Dubai Investments, Dubal Holding and Singapore-based industrial group MARS have announced a joint venture to build a US$119.79 million aluminium rolling plant in the United Arab Emirites’ Khalifa Industrial Zone Abu Dhabi (Kizad).
Thirty-five percent of the joint venture, to be named Emirates Aluminium Rolling (Emiroll), will be owned by Dubal Holding, thirty percent will be held by Dubai Investments, while the remainder will be vested in MARS.
Emiroll’s plant will be built on a 900,000-square-foot tract of land in Kizad. The plant is expected to produce 65,000 metric tons of aluminium coils per year, 45,000 metric tons of which will be cold rolled, while the remaining 20,000 metric tons will be hot rolled. Downstream applications for the plant’s product include automotive body parts, roller-shutters, garage castings, container trays, cans, and aerosols.

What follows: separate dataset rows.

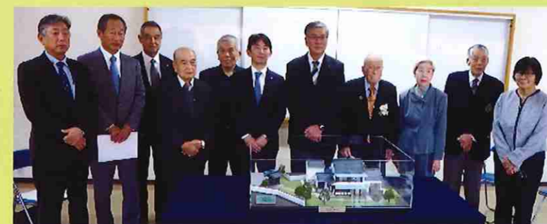
旧三鶯八郎右衛門家住宅 模型寄贈式 2021/11/17

VR機器の設置を市が明治郷土史料室に常設してくださることで、明治地区の歴史文化の醸成に繋がるとともに郷土史料室を訪れるお一人おひとりに藤沢の郷土愛が深まり、地域が一層発展することを期待しています。
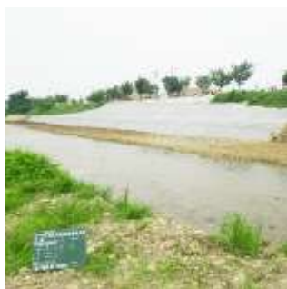
大和沢川河川 災害復旧工事
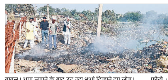
बावल। आग लगाने के बाद उठा हुआ धुआं दिखाते हुए लोग।
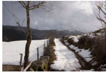
Chemin près de Grizac, le lieu des trois frères célibataires des Inconnus de la terre
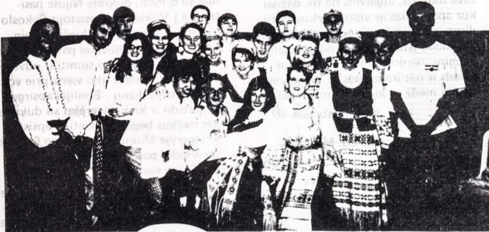
"NEMUNAS" rengiasi keliauti į XV tautinių šokių šventę Čikagoj
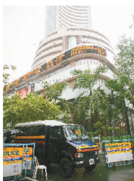
7月27日,一辆警车驶出已被警方封锁的孟买证券交易所大楼。由于连环爆炸,使得印度各主要城市进入高度戒备状态,以防遭到恐怖袭击。

要机构奉命加强安全措施。” “印度圣战者”宣称负责 一个自称为“印度圣战者”的组织当天宣称,对艾哈迈达巴德市连环爆炸案负责。 在当天向印度一些电视台发去的电子邮件中,“印度圣战者”宣称发动了攻击。邮件说:“等5分钟,古吉拉特事件的报复就要来临。” 一些分析师说,邮件中的古吉拉特事件是指2002年发生在古吉拉特邦的宗教流血冲突。 2002年2月27日,一列满载印度教教徒的火车遭袭并遭到焚烧,造成约60人丧生。惨案引发大规模流血冲突,导致1000多人丧生,其中多为伊斯兰教教徒。 邮件没有提及南部城市班加罗尔的爆炸事件。
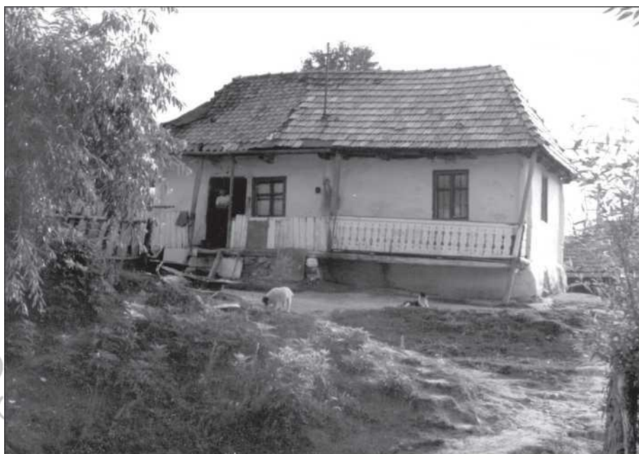
Magyar ajkú cigány háza Zabolán (Dimény Attila)
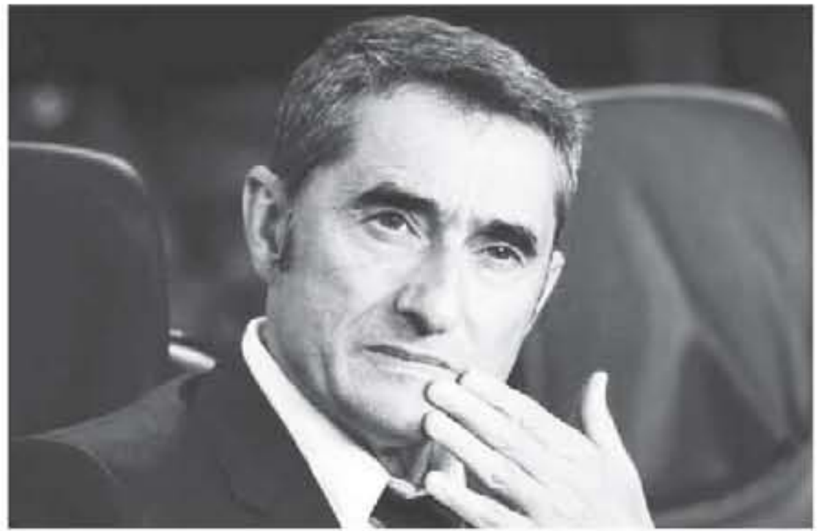
برشلونة - وكالات

برشلونة، جويليرمو أمور، الجدل حول حفيظة تفكير إدارة النادي الكتالوني في إقالة المدرب إرنستو فالفيدي. وهان
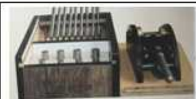
تست خمش (مندرل اهرمی)
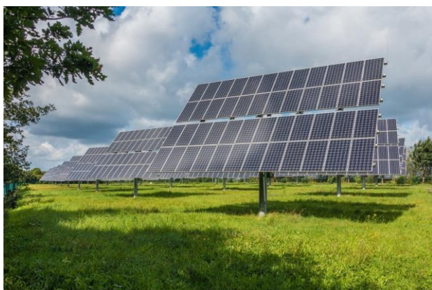
Agri-PV; Einzelstütze
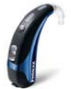
ナイーダ S UP (ウルトラパワータイプ)
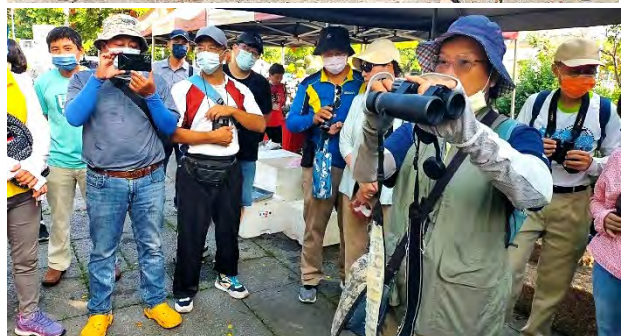
| 感謝鳥友協助支援每月一次的鳥類觀察解說
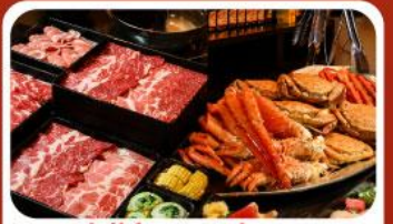
บุฟเฟ่ต์ซาบู ซาปู 3 ชนิด
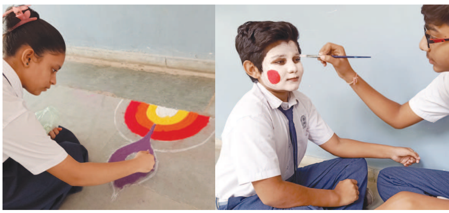
ગાંધીનગર, તા. ૩૦ સર્વ વિદ્યાલય કેળવણી મંડળ સંચાલિત શ્રીમતી આર સી પટેલ સેકન્ડરી અને હાયર સેકન્ડરી સ્કૂલમાં વિદ્યાર્થીઓ માટે વ્યક્તિગત પ્રતિભા સ્પર્ધા યોજવામાં આવી હતી. રંગોળી, મહેંદી અને ફેસ પેઇન્ટિંગ સ્પર્ધા આ ઉપક્રમ અંતર્ગત યોજવામાં આવી હતી. ૩૦ વિદ્યાર્થીઓએ આ સ્પર્ધામાં ભાગ લીધો હતો. મહેંદી સ્પર્ધામાં
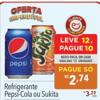
Refrigerante Pepsi-Cola ou Sukita
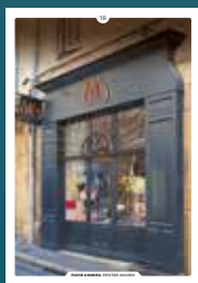
18 les devantures commerciales en applique

“Dubal Holding has kept its focus firmly on a diverse growth strategy and this joint venture with Dubai Investments and MARS for Emiroll aims at creating new demand for aluminium in the rapidly-growing downstream industries across the region,” said Abdulnasser Bin Kalban, chief executive officer of Dubal Holding.
“Dubai Investments’ foray into aluminium rolling is part of its strategy to support the development of the non-hydrocarbon sector in the UAE and boost the manufacturing sector’s contribution to the country’s gross domestic product,” explained Khalid Bin Kalban, managing director and CEO of Dubai Investments. “Emirates Aluminium Rolling aims to capitalise on the unmatched market demand for aluminium in downstream industries across the Middle East and is expected to play a major role in this direction.”
The United Arab Emirates is the world’s fourth-largest producer of aluminium and is responsible for over half of the Gulf’s aluminium production. The six countries of the Gulf Cooperation Council produce 4.5 million metric tons of primary aluminium per capita, with the UAE contributing 2.3 million metric tons to that total.